───── DATASET CONTENT ─────

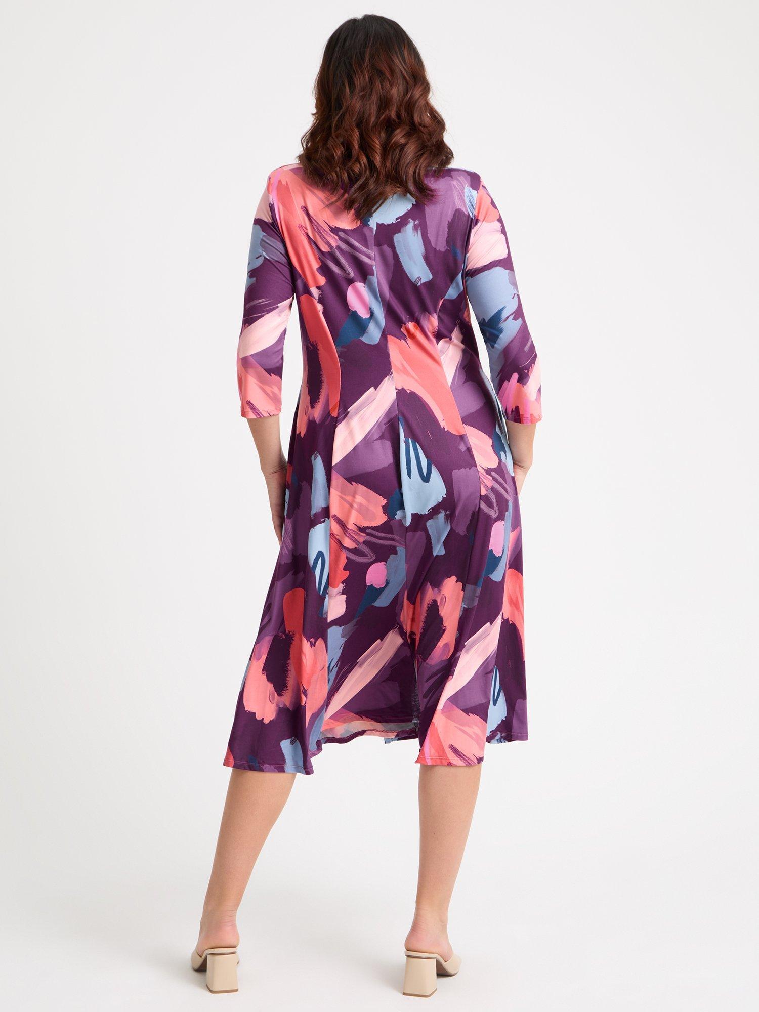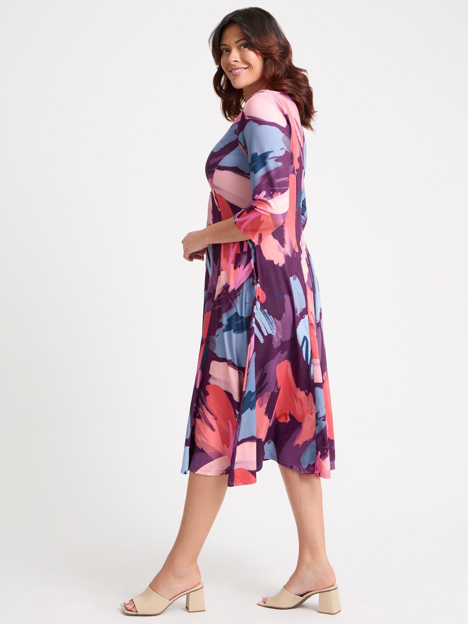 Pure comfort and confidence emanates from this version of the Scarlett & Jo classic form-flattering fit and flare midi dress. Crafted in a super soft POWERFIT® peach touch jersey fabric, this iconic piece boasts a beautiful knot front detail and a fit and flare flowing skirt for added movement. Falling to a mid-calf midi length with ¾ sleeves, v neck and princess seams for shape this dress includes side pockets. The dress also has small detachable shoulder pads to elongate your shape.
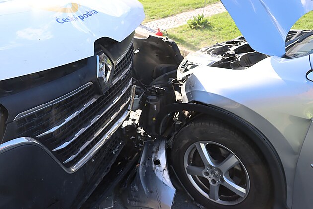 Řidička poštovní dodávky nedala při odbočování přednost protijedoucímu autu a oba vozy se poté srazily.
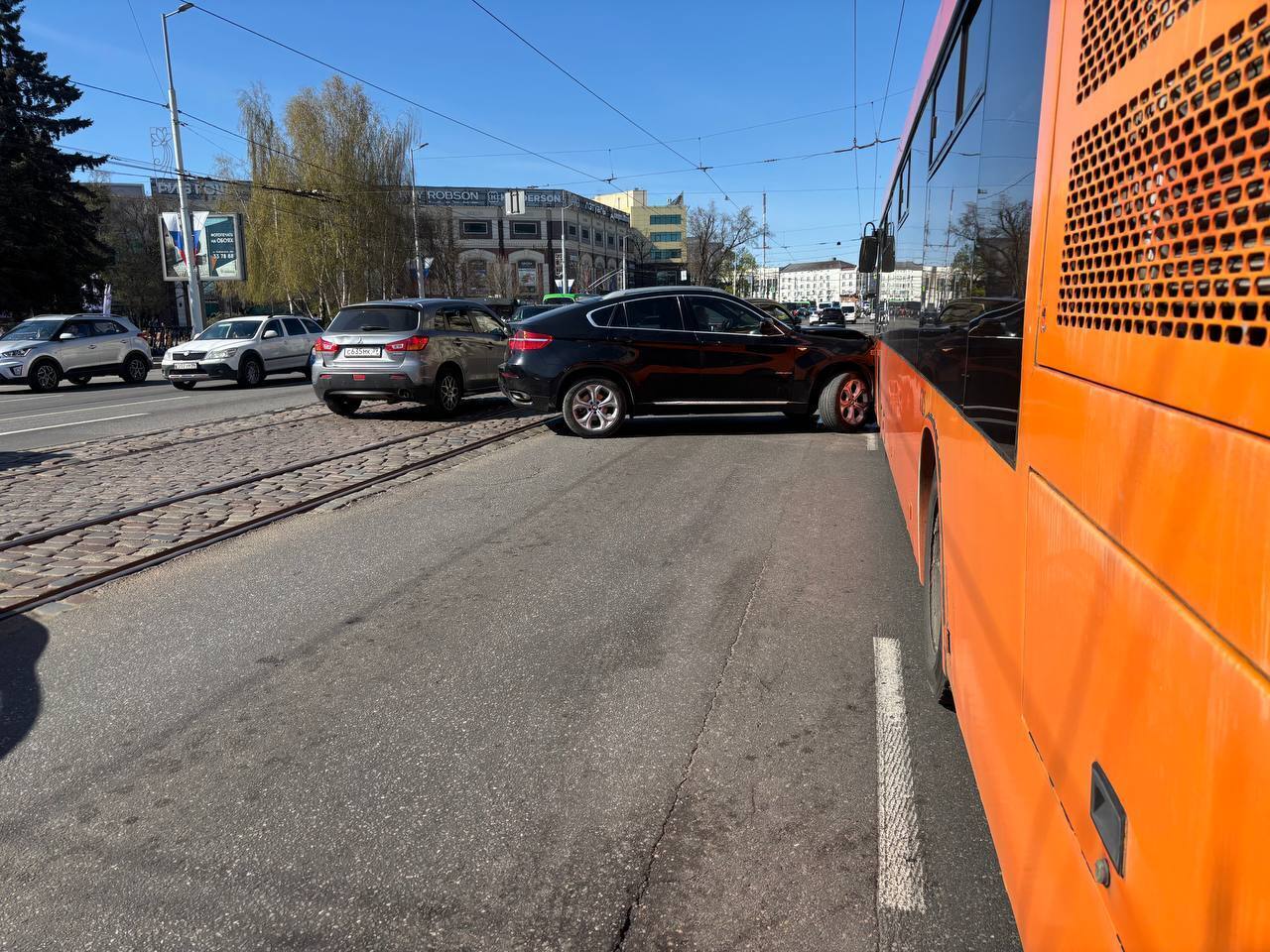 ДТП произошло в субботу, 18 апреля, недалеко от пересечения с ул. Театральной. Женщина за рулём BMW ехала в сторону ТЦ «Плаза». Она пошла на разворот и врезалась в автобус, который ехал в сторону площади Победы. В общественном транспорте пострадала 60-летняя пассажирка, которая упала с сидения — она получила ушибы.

─────

__WORK ORDER__: Everything in the listing except the pictures must be reproduced exactly.

__RESULT OF THE EXERCISE__:
 Pure comfort and confidence emanates from this version of the Scarlett & Jo classic form-flattering fit and flare midi dress. Crafted in a super soft POWERFIT® peach touch jersey fabric, this iconic piece boasts a beautiful knot front detail and a fit and flare flowing skirt for added movement. Falling to a mid-calf midi length with ¾ sleeves, v neck and princess seams for shape this dress includes side pockets. The dress also has small detachable shoulder pads to elongate your shape.
 Řidička poštovní dodávky nedala při odbočování přednost protijedoucímu autu a oba vozy se poté srazily.
 ДТП произошло в субботу, 18 апреля, недалеко от пересечения с ул. Театральной. Женщина за рулём BMW ехала в сторону ТЦ «Плаза». Она пошла на разворот и врезалась в автобус, который ехал в сторону площади Победы. В общественном транспорте пострадала 60-летняя пассажирка, которая упала с сидения — она получила ушибы.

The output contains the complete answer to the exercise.